AFP - Les homosexuels fréquentant des établissements gay parisiens présentent nettement plus de risques de contracter le VIH que l'ensemble des homosexuels en France, selon une étude publiée vendredi.


VIH: risque accru chez les homosexuels fréquentant les établissements gay à Paris
Selon l'étude Prévagay, menée en 2009 par l'Institut de veille sanitaire (InVS) auprès de 886 hommes "ayant des rapports sexuels avec des hommes" (HSH) rencontrés dans 14 établissements gay parisiens (bars, clubs, saunas), les nouveaux cas d'infection par le VIH s'élevaient à 3,8 pour 100 personnes par an, contre environ 1% pour l'ensemble des homosexuels et 0,017% (17 pour 100.000) par an pour l'ensemble de la population française.

Les HSH sont à l'origine de près de la moitié des nouvelles infections par le VIH répertoriées en France, avec une incidence élevée qui n'a guère évolué depuis 2003, à l'instar de ce qui se passe dans les autres pays occidentaux.

Plus inquiétant, une part importante des hommes testés dans l'étude ne connaissait pas son statut vis-vis de l'infection, en dépit d'un recours fréquent aux tests de dépistage.

Sur les 157 testés séropositifs (18%), 31 (soit 20%) ignoraient leur infection au moment de l'enquête, alors même que 19 d'entre eux avaient fait un test de dépistage au cours de l'année écoulée.

"Le recours au test de dépistage ne suffit pas, vu le niveau de risque" relève Stéphane Le Vu, épidémiologiste à InVS, l'un des auteurs de l'étude, qui préconise avant tout d'"améliorer les stratégies de prévention, car il est très difficile de se fier au statut déclaré par le partenaire".

Les nouveaux cas d'infection sont, sans grande surprise, plus importants chez les HSH âgés de moins de 35 ans, soit 4,1% par an contre 2,5% par an pour les plus de 35 ans, une catégorie dans laquelle on trouve davantage de personnes déjà séropositives, ajoute-t-il.

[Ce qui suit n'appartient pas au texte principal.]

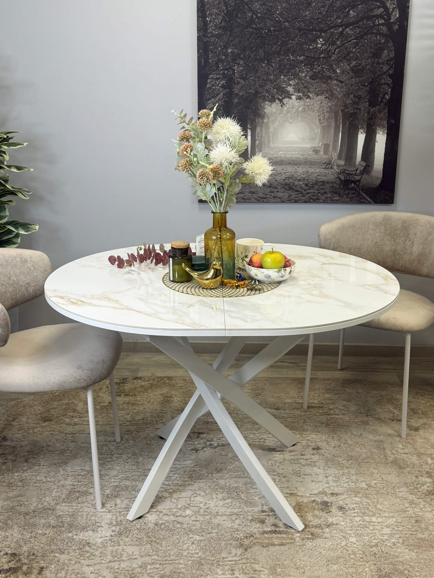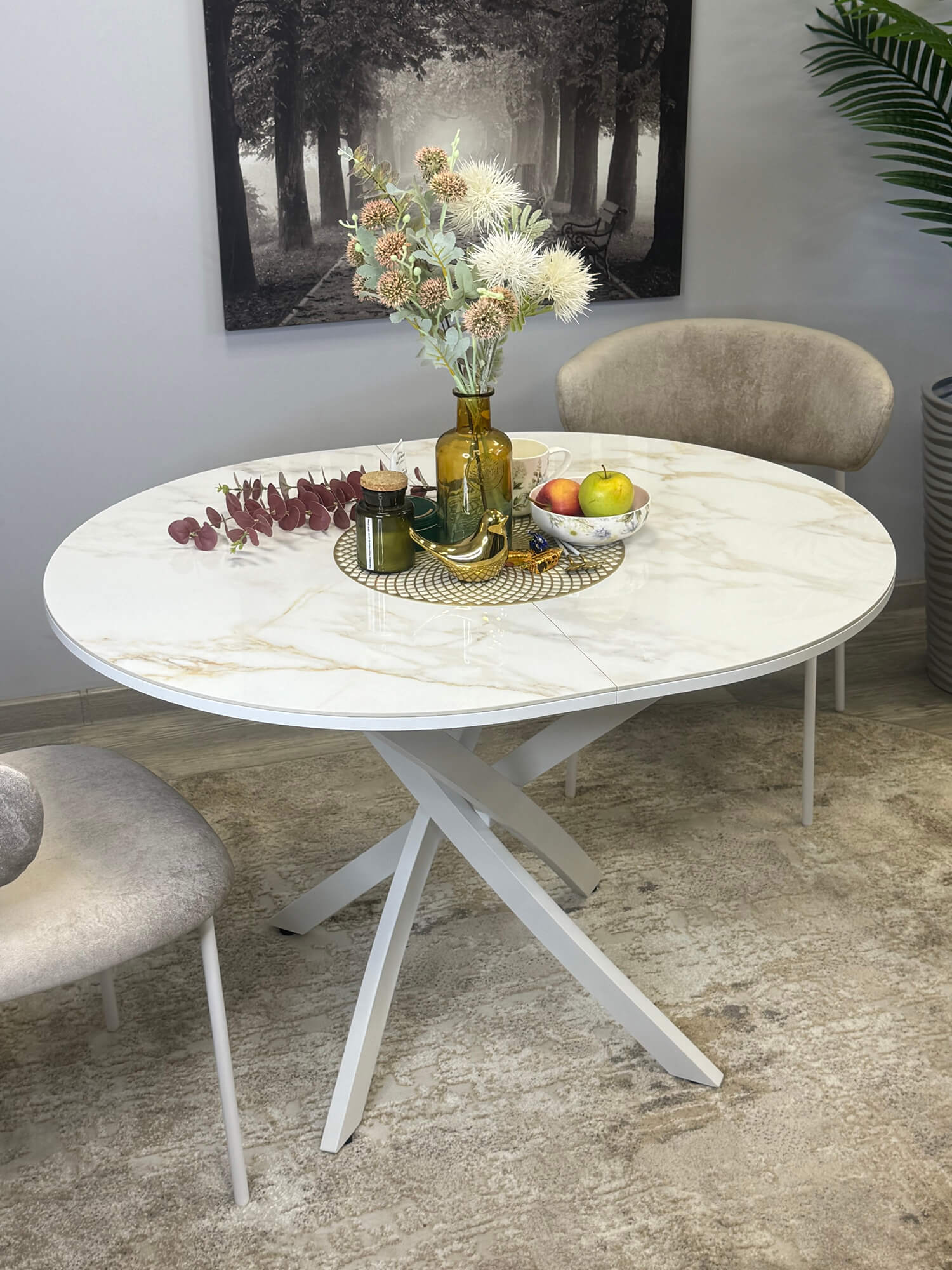 Еще -5% Стол обеденный Kenner R1000 Белый / Мрамор белый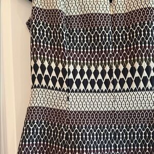Step out in style with this elegant patterned dress. Perfect for any occasion, this dress offers a chic and timeless look. Navy, cream, burgundy with gold.

L'enquête, la première du genre, menée en partenariat avec l'Agence nationale de recherches sur le sida et les hépatites virales (ANRS) et le Syndicat national des entreprises gaies (Sneg) a été effectuée entre avril et juin 2009 auprès de 14 établissements gay parisiens. Sur les 886 hommes ayant accepté un prélèvement biologique (goutte de sang auto prélevée au bout du doigt), 51% avaient eu plus de dix partenaires au cours de l'année écoulée et 35% au moins un rapport anal non protégé avec un partenaire occasionnel.

Elle est publiée dans PLoS ONE, une des revues, libres d'accès en ligne, de la Public Library of Science américaine.